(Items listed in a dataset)
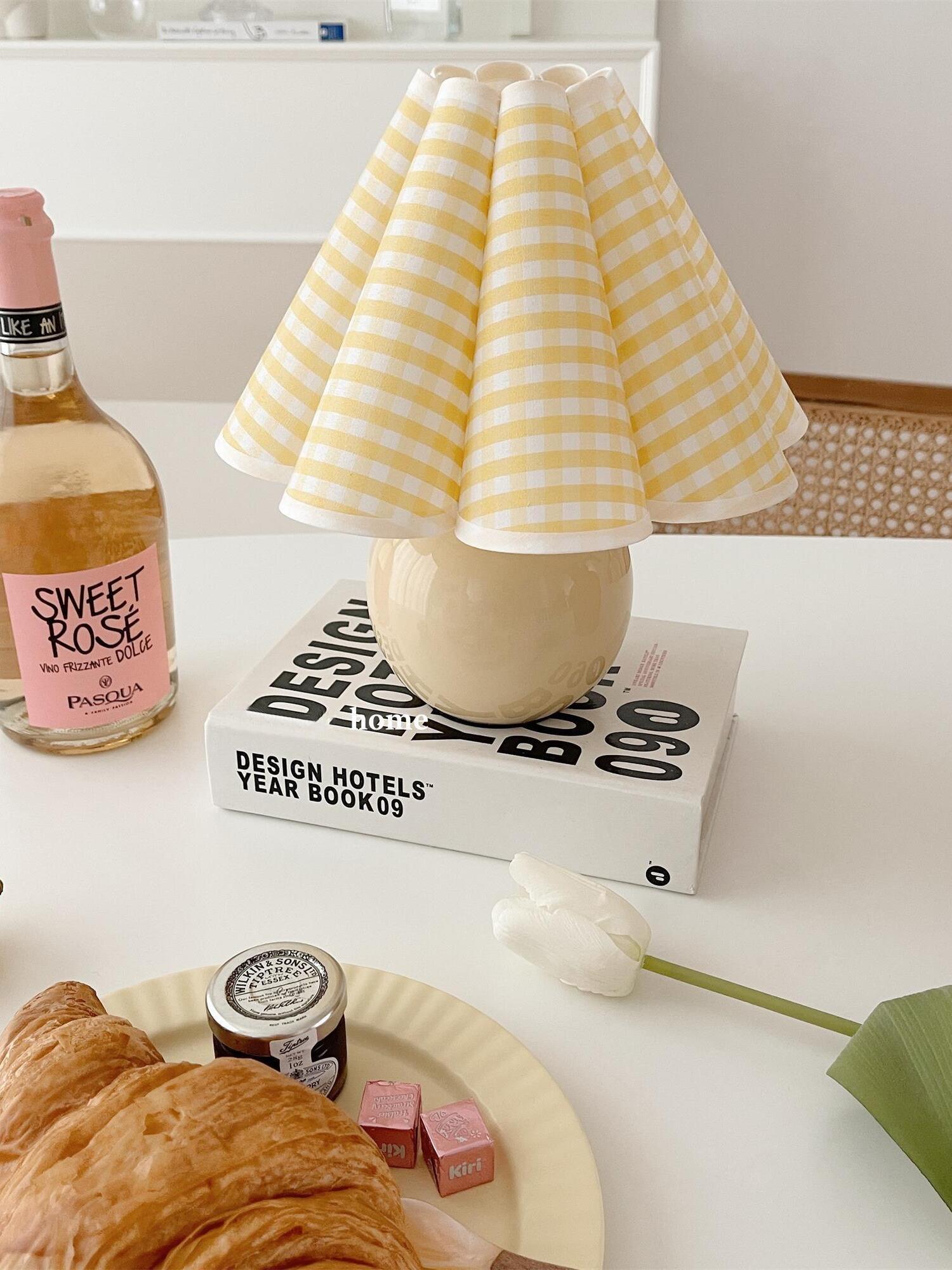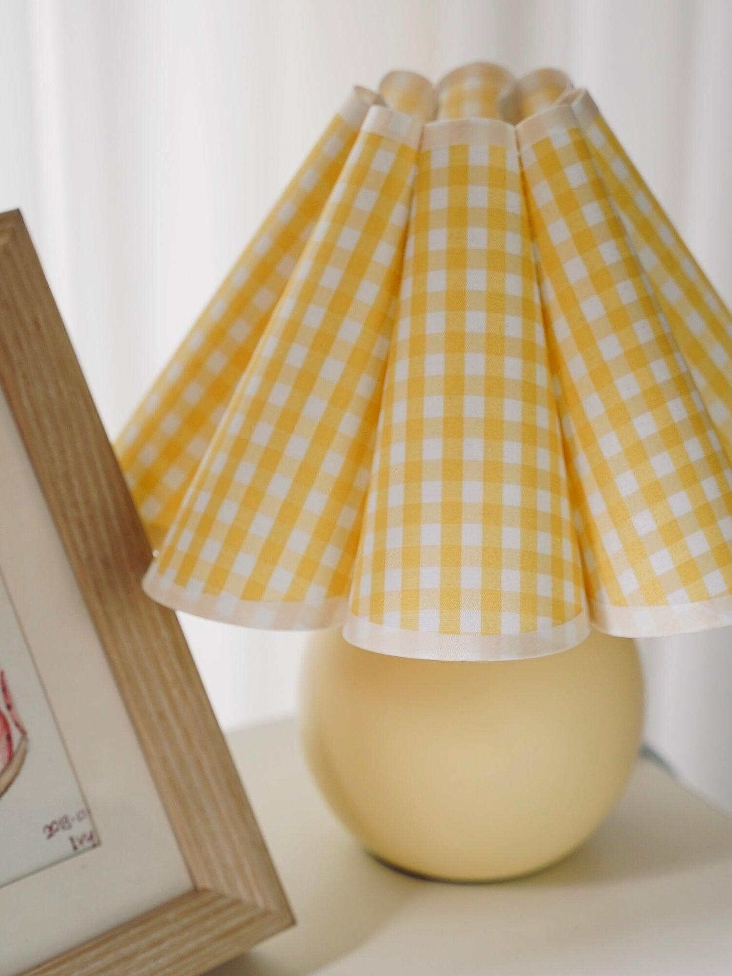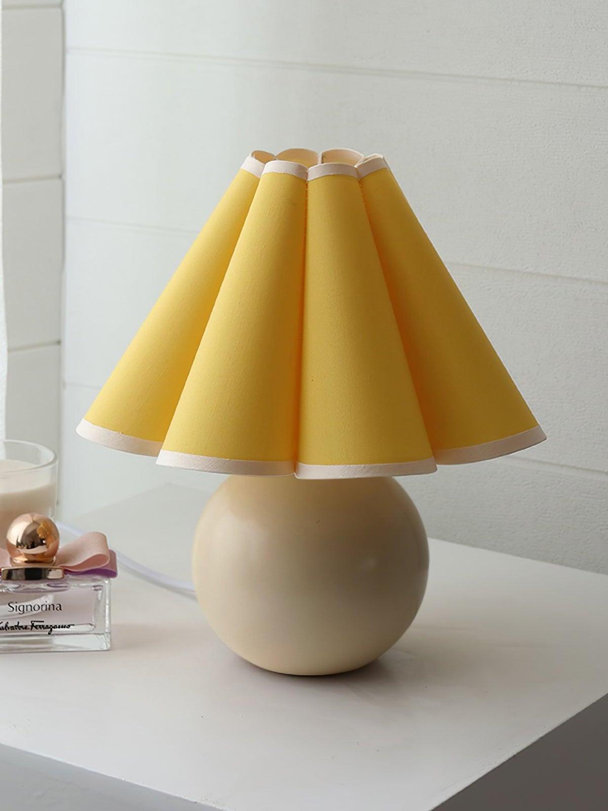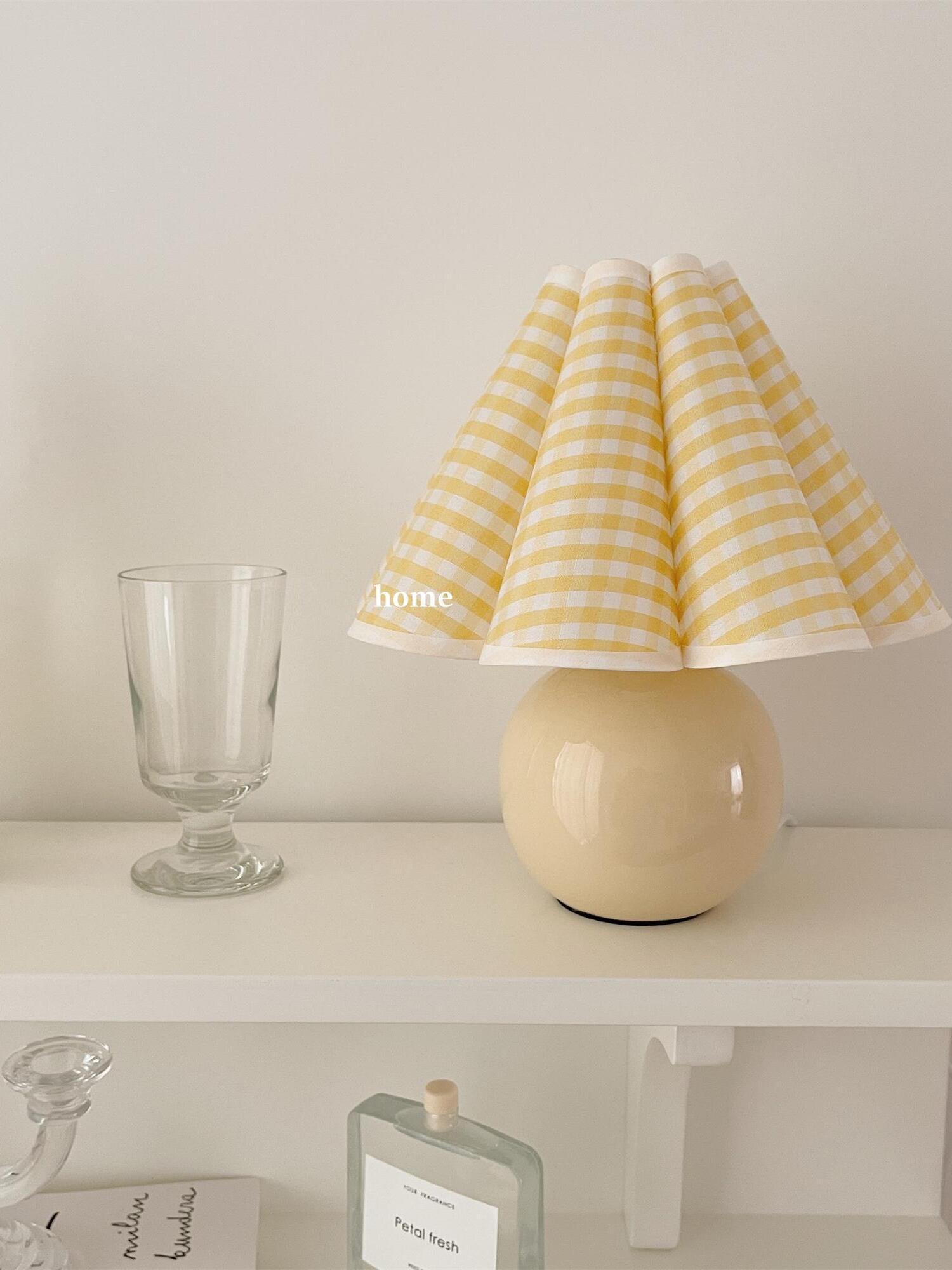 Kicsi '(pronounced "Kitchi", meaning 'mini' in Hungarian). Our white Kicsi Pleated Table Lamp features a vintage style linen pleated shade, and white ceramic body. This mushroom pleated hardback shade in creme has a traditional look. The fold over trim adds a soft touch to the pleated shade.
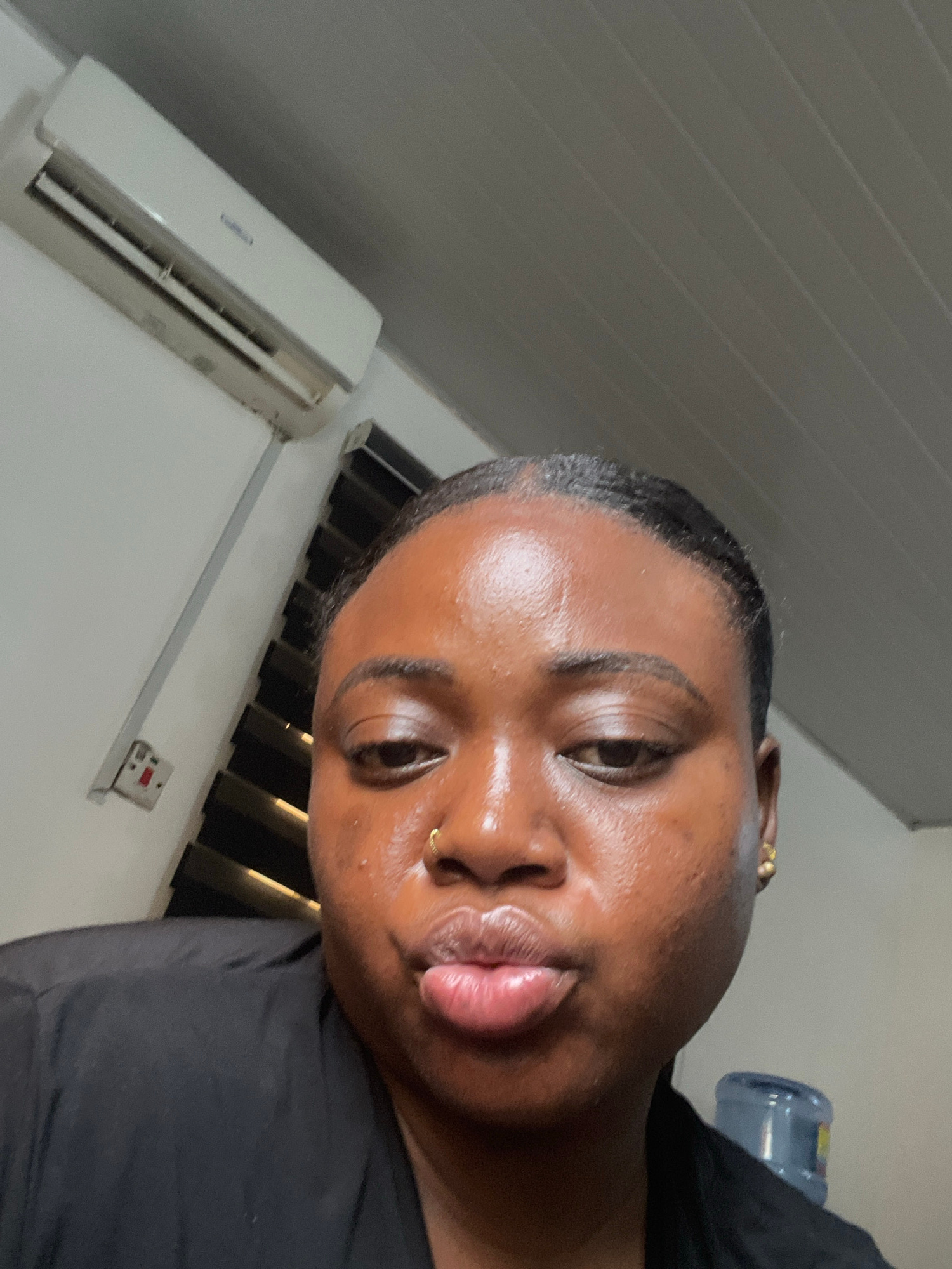 The image shows a dark-skinned woman with short, dark hair, posing indoors. She has a nose ring and her lips are slightly pursed. She is wearing a black garment. In the background, there is an air con…read more
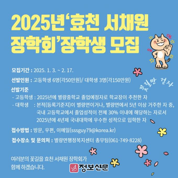 ![]() 순천시 별량면 효천 서채원 장학회, 2025년도 장학생 선발 |
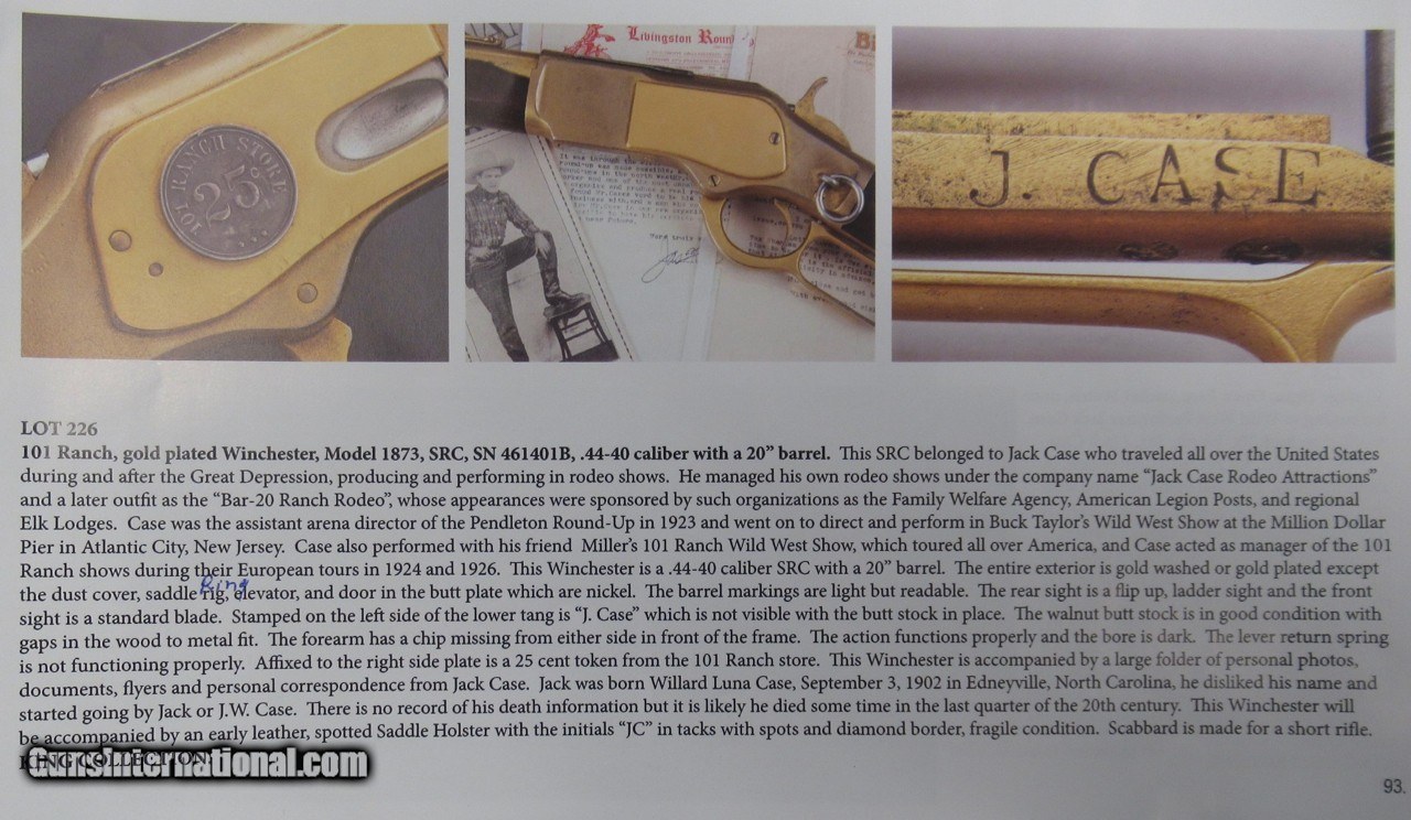 JACK CASE 101 RANCH GOLD PLATED WINCHESTER 1873 SADDLE RING CARBINE from COLLECTING TEXAS – COMES with VINTAGE POCKET WATCH
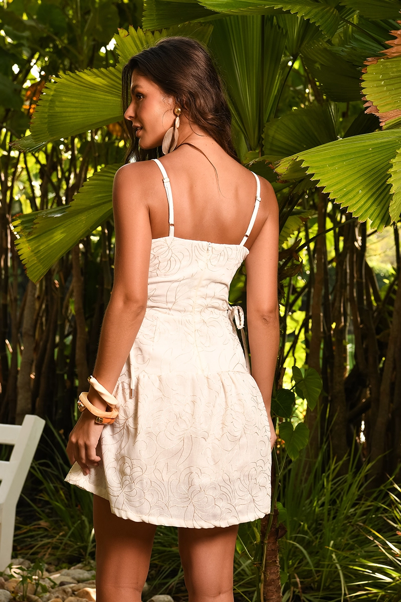 O equilíbrio perfeito entre o romântico e o moderno. Este vestido em tom off-white é uma peça-chave para quem valoriza detalhes artesanais e uma modelagem que celebra as curvas femininas com sutileza e elegância.
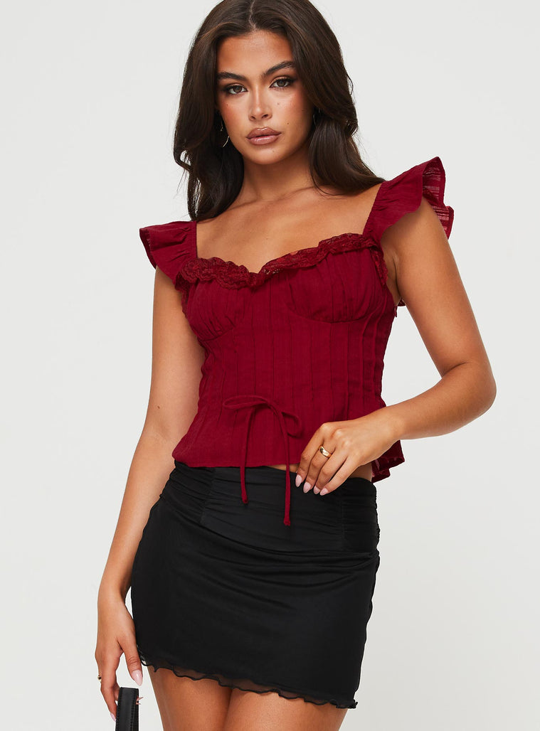 - Lace trim, cap sleeve, sweetheart neckline, invisible zip fastening at side, shirred band at back
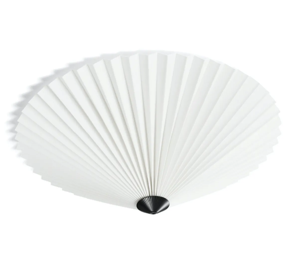 Matin Tak og Vegg-lampe har et moderne men poetisk design, med en konstruksjon som kombinerer visuell delikatesse med fysisk robusthet. Den takmonterte modellen består av et lakkert stålbeslag for montering på veggen eller i taket, kombinert med en plissert stoffskjerm. Skjermen er tilgjengelig i to størrelser og flere fine farger.
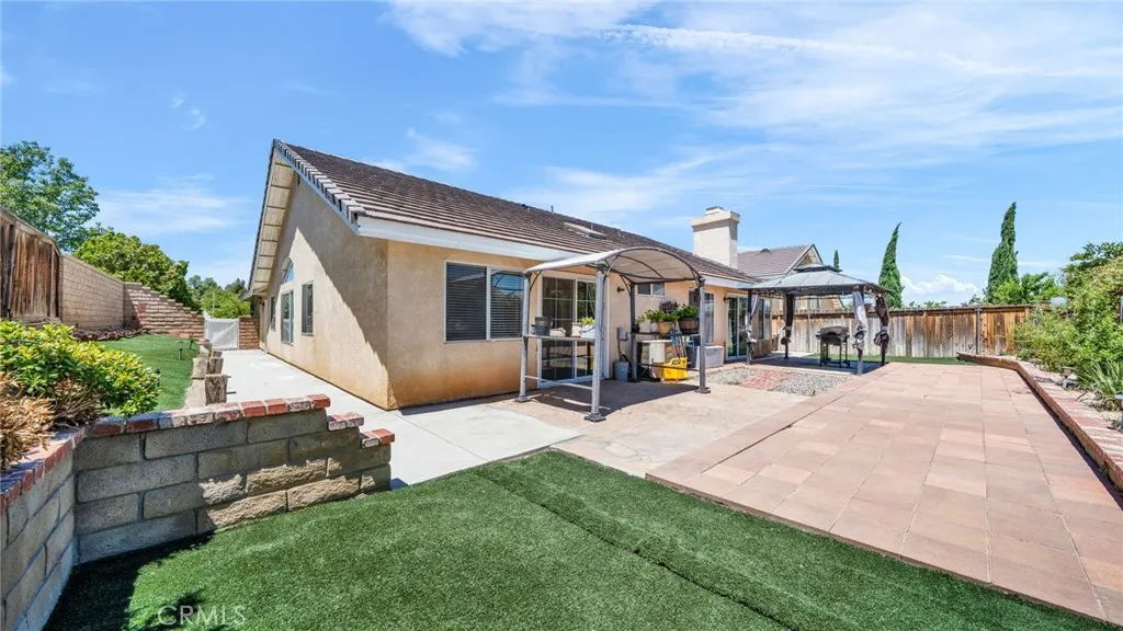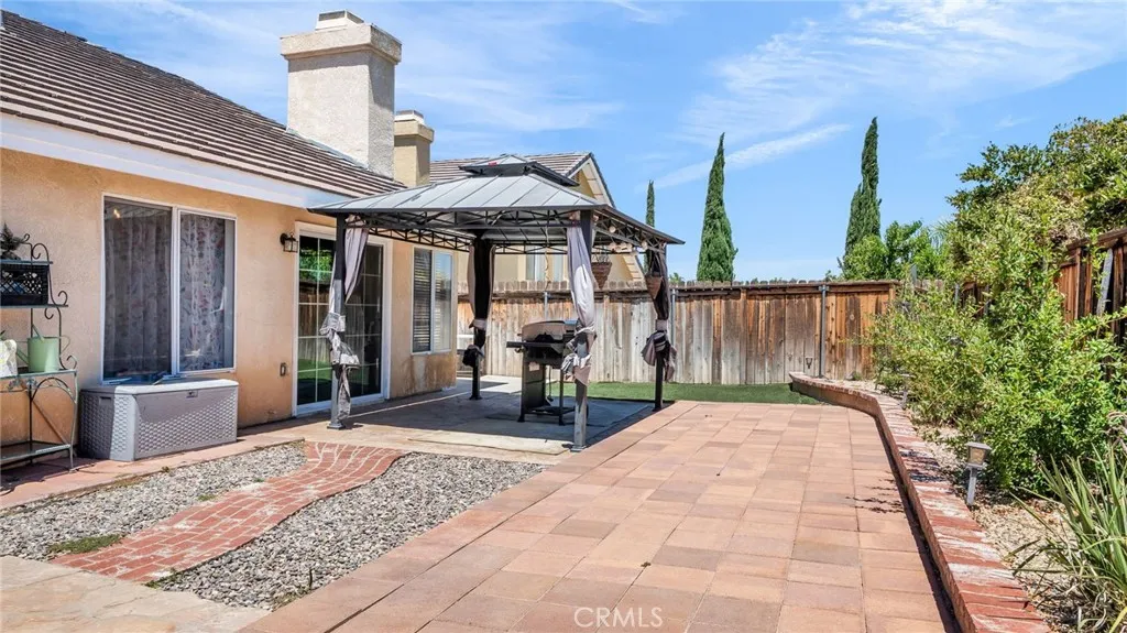Welcome to this spacious and well-cared-for single-story home in a quiet Palmdale neighborhood. With 4 bedrooms, 2.5 bathrooms, and 1,824 square feet of living space, this residence offers a functional layout and a rare three-car garage, ideal for both growing households and buyers in need of extra storage or workspace. Inside, youll find a bright, open floorplan with durable ceramic tile flooring throughout and abundant natural light. The formal living and dining rooms offer a welcoming space for gatherings, while the generously sized family room features a fireplace and opens to the kitchen for comfortable everyday living. The kitchen has been stylishly updated in recent years with quartz countertops, white cabinetry, and stainless steel appliances, blending a clean, modern look with practical function. All four bedrooms are generously sized, including a primary suite with an en-suite bath and ample closet space. Two additional bathrooms, one full and one half, offer convenience for family and guests. Upgrades include an updated electrical panel, newer finishes, and a fully landscaped front and rear yard that provide a move-in-ready feel with low maintenance outdoor living. The oversized three-car garage adds exceptional value, whether for parking, storage, or weekend projects. Located near local schools, shopping, and commuter routes, this home offers space, curb appeal, and functionality in one of Palmdales most established residential communities.

* [ABOUT THIS EXERCISE]:
The response must match the data line for line, from its first line through the line with "JACK CASE 101", inclusive, and must leave out the pictures.

* [EXERCISE OUTPUT]:
 Kicsi '(pronounced "Kitchi", meaning 'mini' in Hungarian). Our white Kicsi Pleated Table Lamp features a vintage style linen pleated shade, and white ceramic body. This mushroom pleated hardback shade in creme has a traditional look. The fold over trim adds a soft touch to the pleated shade.
 The image shows a dark-skinned woman with short, dark hair, posing indoors. She has a nose ring and her lips are slightly pursed. She is wearing a black garment. In the background, there is an air con…read more
 ![]() 순천시 별량면 효천 서채원 장학회, 2025년도 장학생 선발 |
 JACK CASE 101 RANCH GOLD PLATED WINCHESTER 1873 SADDLE RING CARBINE from COLLECTING TEXAS – COMES with VINTAGE POCKET WATCH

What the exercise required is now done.